Action item
Your task is to repeat exactly the lines below between the line holding "The three pillars" and the line holding "On April 22nd", inclusive, and only those.

===

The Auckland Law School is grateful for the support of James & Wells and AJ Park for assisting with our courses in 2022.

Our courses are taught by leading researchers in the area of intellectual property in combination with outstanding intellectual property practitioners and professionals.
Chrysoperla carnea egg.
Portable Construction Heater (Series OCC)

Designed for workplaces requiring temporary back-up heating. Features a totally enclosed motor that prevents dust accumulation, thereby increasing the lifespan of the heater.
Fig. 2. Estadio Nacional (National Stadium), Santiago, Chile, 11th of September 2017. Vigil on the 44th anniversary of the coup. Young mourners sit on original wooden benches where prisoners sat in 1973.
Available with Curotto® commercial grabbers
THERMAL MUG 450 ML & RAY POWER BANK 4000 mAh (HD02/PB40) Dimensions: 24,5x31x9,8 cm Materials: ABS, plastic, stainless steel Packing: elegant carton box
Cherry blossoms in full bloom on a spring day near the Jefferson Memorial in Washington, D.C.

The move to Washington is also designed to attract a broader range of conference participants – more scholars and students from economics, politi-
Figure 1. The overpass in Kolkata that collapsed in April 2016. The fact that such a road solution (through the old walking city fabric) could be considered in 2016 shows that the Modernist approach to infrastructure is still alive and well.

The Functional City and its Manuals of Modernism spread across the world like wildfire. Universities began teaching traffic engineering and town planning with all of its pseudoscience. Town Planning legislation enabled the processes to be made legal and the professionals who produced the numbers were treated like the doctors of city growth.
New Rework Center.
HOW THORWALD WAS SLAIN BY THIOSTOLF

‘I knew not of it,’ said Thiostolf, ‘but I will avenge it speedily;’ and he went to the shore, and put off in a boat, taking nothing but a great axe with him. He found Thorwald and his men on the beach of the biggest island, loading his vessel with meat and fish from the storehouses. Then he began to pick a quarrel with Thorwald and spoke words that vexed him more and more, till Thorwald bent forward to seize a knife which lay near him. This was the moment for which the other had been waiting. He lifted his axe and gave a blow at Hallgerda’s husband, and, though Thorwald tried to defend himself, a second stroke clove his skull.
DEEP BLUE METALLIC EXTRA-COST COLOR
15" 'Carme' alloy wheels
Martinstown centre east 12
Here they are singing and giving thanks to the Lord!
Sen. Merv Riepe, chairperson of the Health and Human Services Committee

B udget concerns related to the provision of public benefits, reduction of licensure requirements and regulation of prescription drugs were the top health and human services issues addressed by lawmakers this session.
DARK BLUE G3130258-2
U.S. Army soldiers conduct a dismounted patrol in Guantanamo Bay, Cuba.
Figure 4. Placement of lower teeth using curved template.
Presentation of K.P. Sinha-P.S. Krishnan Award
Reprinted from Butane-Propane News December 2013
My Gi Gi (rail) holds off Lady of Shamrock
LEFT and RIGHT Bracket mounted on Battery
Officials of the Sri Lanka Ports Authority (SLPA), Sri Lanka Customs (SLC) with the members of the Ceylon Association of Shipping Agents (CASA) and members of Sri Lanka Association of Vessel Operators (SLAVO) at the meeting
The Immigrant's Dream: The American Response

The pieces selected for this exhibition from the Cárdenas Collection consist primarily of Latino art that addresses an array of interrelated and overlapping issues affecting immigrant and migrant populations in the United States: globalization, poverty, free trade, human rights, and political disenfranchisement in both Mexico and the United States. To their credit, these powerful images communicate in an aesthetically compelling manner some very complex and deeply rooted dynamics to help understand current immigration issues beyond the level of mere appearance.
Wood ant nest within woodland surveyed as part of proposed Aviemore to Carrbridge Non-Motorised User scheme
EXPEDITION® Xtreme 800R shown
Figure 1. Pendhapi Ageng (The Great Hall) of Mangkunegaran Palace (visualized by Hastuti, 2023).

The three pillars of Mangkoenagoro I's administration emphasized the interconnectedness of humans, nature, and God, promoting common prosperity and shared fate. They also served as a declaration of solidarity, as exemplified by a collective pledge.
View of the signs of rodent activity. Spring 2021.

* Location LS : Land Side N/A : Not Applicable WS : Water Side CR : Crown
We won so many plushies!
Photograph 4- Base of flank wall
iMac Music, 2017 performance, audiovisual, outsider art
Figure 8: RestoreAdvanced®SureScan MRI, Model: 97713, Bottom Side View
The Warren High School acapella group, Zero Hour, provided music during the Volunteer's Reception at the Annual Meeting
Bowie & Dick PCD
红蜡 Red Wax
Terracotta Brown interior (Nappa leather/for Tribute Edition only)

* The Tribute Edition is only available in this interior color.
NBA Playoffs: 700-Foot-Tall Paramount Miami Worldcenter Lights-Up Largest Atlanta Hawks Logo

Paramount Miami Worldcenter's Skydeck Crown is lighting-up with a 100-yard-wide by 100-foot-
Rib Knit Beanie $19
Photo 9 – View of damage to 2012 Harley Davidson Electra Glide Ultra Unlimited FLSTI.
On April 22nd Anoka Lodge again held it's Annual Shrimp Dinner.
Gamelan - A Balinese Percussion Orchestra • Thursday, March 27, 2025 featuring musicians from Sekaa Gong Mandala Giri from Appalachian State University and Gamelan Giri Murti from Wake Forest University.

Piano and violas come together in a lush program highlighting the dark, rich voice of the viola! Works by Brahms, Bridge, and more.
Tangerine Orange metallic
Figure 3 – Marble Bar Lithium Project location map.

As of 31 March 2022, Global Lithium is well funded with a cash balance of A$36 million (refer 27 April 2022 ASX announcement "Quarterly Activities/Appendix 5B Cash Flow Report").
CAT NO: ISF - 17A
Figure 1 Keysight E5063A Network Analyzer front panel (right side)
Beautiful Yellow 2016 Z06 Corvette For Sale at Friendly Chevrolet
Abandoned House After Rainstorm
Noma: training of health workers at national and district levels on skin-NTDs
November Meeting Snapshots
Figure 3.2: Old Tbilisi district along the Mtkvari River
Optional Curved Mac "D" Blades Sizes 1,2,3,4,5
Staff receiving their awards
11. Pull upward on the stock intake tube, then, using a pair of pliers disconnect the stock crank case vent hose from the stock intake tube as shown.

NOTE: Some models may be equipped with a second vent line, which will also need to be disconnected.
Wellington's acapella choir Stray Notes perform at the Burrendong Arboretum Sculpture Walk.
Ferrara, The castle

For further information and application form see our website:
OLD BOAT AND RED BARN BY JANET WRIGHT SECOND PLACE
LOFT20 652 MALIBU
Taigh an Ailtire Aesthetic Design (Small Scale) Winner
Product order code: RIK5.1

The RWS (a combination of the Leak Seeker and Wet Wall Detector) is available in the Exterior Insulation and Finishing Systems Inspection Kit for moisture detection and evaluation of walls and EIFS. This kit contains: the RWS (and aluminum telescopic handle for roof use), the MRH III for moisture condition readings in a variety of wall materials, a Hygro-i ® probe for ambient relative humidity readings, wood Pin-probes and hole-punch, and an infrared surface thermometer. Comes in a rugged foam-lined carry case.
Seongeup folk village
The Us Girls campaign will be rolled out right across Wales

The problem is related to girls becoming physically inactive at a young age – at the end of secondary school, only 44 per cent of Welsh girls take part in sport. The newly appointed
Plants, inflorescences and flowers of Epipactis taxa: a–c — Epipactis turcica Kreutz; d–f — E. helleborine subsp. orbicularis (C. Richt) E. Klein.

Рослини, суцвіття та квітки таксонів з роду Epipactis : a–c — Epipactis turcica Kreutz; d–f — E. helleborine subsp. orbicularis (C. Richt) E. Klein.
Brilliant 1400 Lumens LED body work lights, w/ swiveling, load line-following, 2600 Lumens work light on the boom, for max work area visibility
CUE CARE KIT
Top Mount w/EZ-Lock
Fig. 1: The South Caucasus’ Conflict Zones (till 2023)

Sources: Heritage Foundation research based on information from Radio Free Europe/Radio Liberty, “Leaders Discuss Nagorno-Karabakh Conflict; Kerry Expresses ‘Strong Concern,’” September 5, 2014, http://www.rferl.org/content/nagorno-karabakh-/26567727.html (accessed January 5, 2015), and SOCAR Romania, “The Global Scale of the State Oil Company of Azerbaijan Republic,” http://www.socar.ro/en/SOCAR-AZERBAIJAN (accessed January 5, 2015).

===

Response box
The three pillars of Mangkoenagoro I's administration emphasized the interconnectedness of humans, nature, and God, promoting common prosperity and shared fate. They also served as a declaration of solidarity, as exemplified by a collective pledge.
View of the signs of rodent activity. Spring 2021.

* Location LS : Land Side N/A : Not Applicable WS : Water Side CR : Crown
We won so many plushies!
Photograph 4- Base of flank wall
iMac Music, 2017 performance, audiovisual, outsider art
Figure 8: RestoreAdvanced®SureScan MRI, Model: 97713, Bottom Side View
The Warren High School acapella group, Zero Hour, provided music during the Volunteer's Reception at the Annual Meeting
Bowie & Dick PCD
红蜡 Red Wax
Terracotta Brown interior (Nappa leather/for Tribute Edition only)

* The Tribute Edition is only available in this interior color.
NBA Playoffs: 700-Foot-Tall Paramount Miami Worldcenter Lights-Up Largest Atlanta Hawks Logo

Paramount Miami Worldcenter's Skydeck Crown is lighting-up with a 100-yard-wide by 100-foot-
Rib Knit Beanie $19
Photo 9 – View of damage to 2012 Harley Davidson Electra Glide Ultra Unlimited FLSTI.
On April 22nd Anoka Lodge again held it's Annual Shrimp Dinner.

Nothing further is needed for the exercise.